All he’d thought about until that moment was the parts of the apple tree you could see, what was above ground. He hadn’t considered what lay below the ground, the parts of the apple tree you couldn’t see. All he’d done was spread manure and cut the weeds so they didn’t deplete the nutrients. Concerned about the condition of the leaves, he’d forgotten the apples’ roots. The oak tree had been growing vigorously in just that sort of grass. Were the grasses which grew around them the very reason the oaks were so healthy? This soft soil is not made by man. It’s a product of all the plants and animals living there. Fallen leaves and dead grass accumulating over the years are broken down by insects and tiny organisms and turned into soil. The roots of acorns and grass seeds which fall onto the soil go deep into the earth, breaking it up. Countless fungi and bacteria live both in the soil and on the surface of grasses and trees. Among these there are beneficial as well as harmful bacteria.

It dawned on him that no creatures live independently in nature. All life was interdependent, each life supporting another. He ought to have realized this before, but had overlooked the most important thing in his enthusiasm to look after his apples. All he’d been doing was searching for a means of killing pests and preventing disease in place of pesticides. He was trying to apply manure, cut weeds, and isolate his apple trees from the surrounding nature. He’d given no thought to what gives apple trees life. Even though he’d not been using pesticides, it was just the same as if he had.

He had simply thought that the apple trees were weakening due to disease and pests. So, if he could just get rid of them, the apple trees would return to health.

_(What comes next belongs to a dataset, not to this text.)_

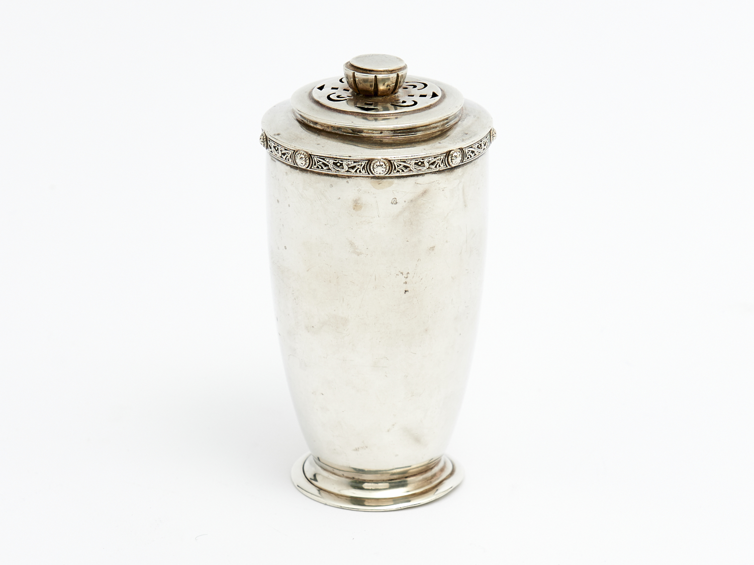 AN ART DECO STERLING SILVER CASTER 122G H.11.5CM, LEONARD JOEL DELIVERY SIZE: SMALL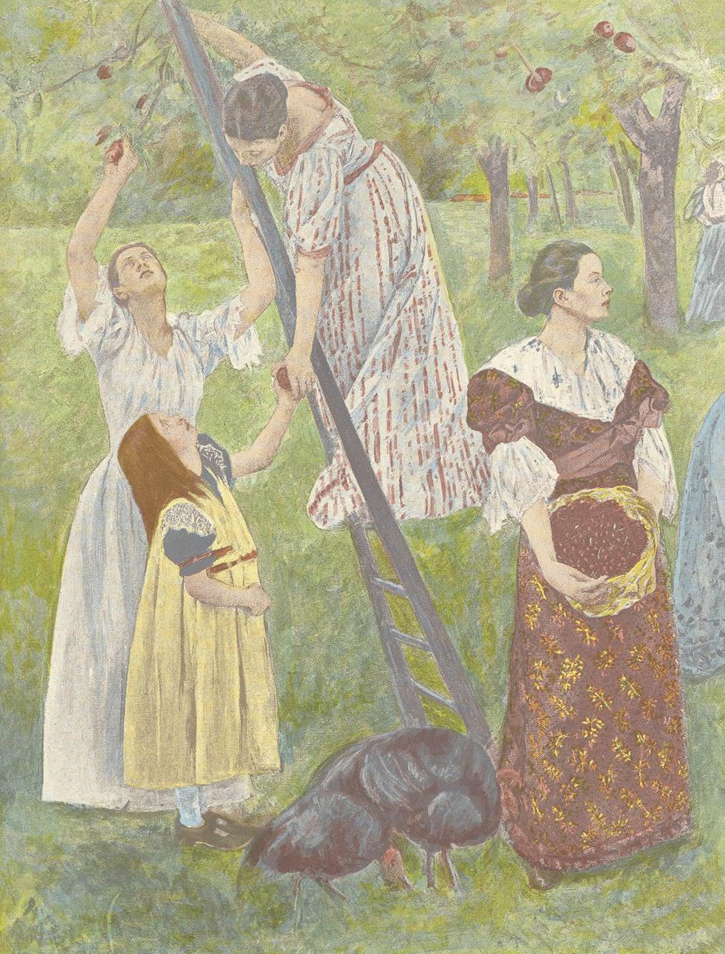 Situated in a vast interior courtyard, Cassatt’s mural was monumental in ambition and size, about 60 feet long and 14 feet at its highest. It consisted of three panels, which show women pursuing (left to right) Fame, Knowledge, and Art. The largest scene, “Young Women Plucking the Fruits of Knowledge and Science,” filled a massive center lunette. Depicting contemporary women in an apple orchard, it’s ostensibly tame stuff. But the Tree of Knowledge of Good and Evil, and its fruit, appears in the Bible and in Western art for thousands of years with women depicted as the agents of man’s fall from grace. Cassatt’s painting doesn’t include men at all. Women pluck apples and pass them down to younger girls, one generation feeding another the wholesome fruits of their own labor.

But this wasn’t the case. Pests and disease were, rather, a result. The apple trees were weakening so insects and disease were increasing. The oak trees ought to be vulnerable to attack by pests and disease. The reason they were so healthy was because they could protect themselves without the help of pesticides. They were in their natural state. The apple trees were suffering so badly from insects and disease because they had lost their natural strength.

However far he dug, the earth remained soft, and very slightly warm. He thought of the invisible, minute organisms living in it. If he could only regenerate the soil in the orchards, the roots of the apple trees were sure to grow. Then, like the oak trees, they would return to health. It wasn’t so much that he thought this; deep down inside he was certain that this would be the case.

He’d found the answer at last. To make sure, he dug the soil with his hands, smelt it, and again put some in his mouth and tasted it. He then pulled up some grass and checked, with trembling fingers, what the soft roots felt like. The full moon, gleaming white in the heavens, shone on his soil covered figure.